Все занимались своими делами. Кто читал, кто рисовал. Валька
штудировала «Историю». Юрка бомбил меня воинственными записками.
Нагнетал, так сказать, атмосферу, страхом казнил. В одной из них
был нарисован кулак. Я добавил к нему загогулину, чтобы стал он
похожим на дулю, и отправил записку обратно.
На первой же перемене Напреев прислал
секунданта. Это был конечно же Славка Босых — худощавый, резкий,
чрезвычайно смешливый пацан с феноменальной реакцией и бешенным
темпераментом. В детстве мы с ним не дружили, но никогда и не
ссорились. Дышали друг к другу ровно. А сблизились только на
старости лет, когда нас из целого класса осталось всего трое.
— Ох, и схлопочешь ты! — сказал он
сочувственно. — Злой сегодня Напрей. Как будете драться, до первой
слезы или до первой крови? Ты вызвал, тебе и условия выдвигать.
Я смотрел на его лицо, на задорно
торчащий вихор. Хотел, но не смог узнать в этом белобрысом
создании, лысого, пузатого мужика с потухающим взглядом. Такого,
каким он был буквально на прошлой неделе.
— Так чё передать Юрке? — не унимался
Босяра. Судя по подтанцовке, у него еще были дела.
—Не знаю, — нерешительно вымолвил я,
— обо всем, вроде, договорились? Ну если хочешь, скажи, чтобы
плотно покушал на большой перемене. Я его буду бить, пока он не
обосрётся.
Славка сначала взвыл от восторга и
только потомзалился серебряным колокольчиком.
— А ты молодец! — вымолвил он,
отсмеявшись. — Так я ему и передам.
На следующем уроке я наконец-то
увидел Надежду Ивановну. Было ей не больше тридцатника. Большие
глаза за линзами толстых очков казались лесными озерами в крапинках
зеленых кувшинок. Не читалось в них ни строгости, ни занудства.

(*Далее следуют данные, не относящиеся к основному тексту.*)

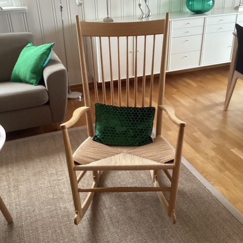 Utført i såpevasket bøk og omtrukket i Hallingdal 130. Stolen er original fra ca 1970-80, og fremstår som meget pen. Totalrenovert tilstand
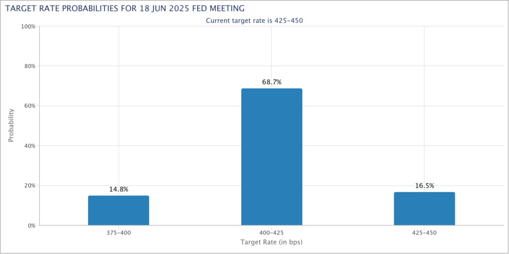 بر اساس دادههای فد واچ (CME Group’s FedWatch)، همچنان احتمال بالایی وجود دارد که فدرال رزرو در جلسه ژوئن نرخ بهره را کاهش دهد.

Только любовь. Почему же мы дураки, до дрожи в коленях, боялись ее
окриков?
Изложение — мой конек. Пока наша
классная читала занудный текст, я на листочке бумаги рисовал синее
дерево. Потом открывал тетрадь и, глядя на фрагменты рисунка,
восстанавливал слово в слово всё, что она в это время
произносила.
А больше уроков не было. Наш класс в
полном составе пошел прощаться с Лепехой. Постояли у гроба,
получили по узелочку с конфетами и разошлись по домам.

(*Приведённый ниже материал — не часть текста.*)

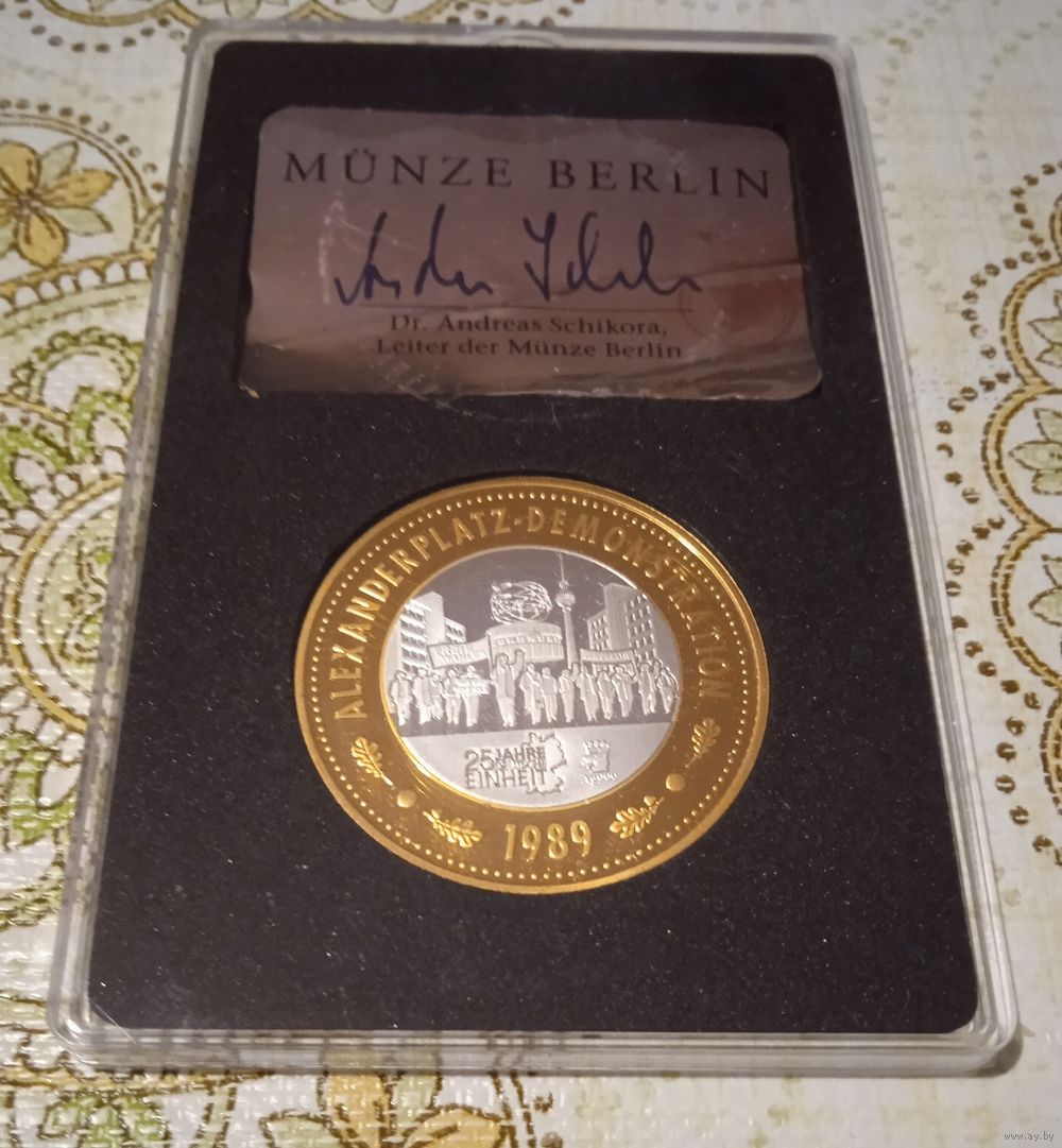 Медаль посвященная 25 летию единства Германии. Диам. - 32мм. Центр - серебро 999 пробы, ободок - медь с золочением (гальваническое покрытие меди золотом 999 пробы.) Выпуск - Muenze Berlin (Берлинский монетный двор.) На центральном медальоне клеймо и проба.

Колька лежал в наглаженном школьном
костюмчике с чернильным пятном на левой груди. Игрушечный гробик
стоял на низкой скамейке. Лепеха был самым мелким из пацанов — на
два сантиметра ниже Витьки Григорьева. Вот только его лицо поражало
своей взрослостью. Его крепко побило в реке. На месте правого глаза
чернела огромная гематома. Сквозь щеточку коротких ресниц,
виднелось глазное яблоко. Он будто подмигивал мне, и мысленно
говорил: «Какие дела, Санек? Сегодня я, а через неделю —
ты!»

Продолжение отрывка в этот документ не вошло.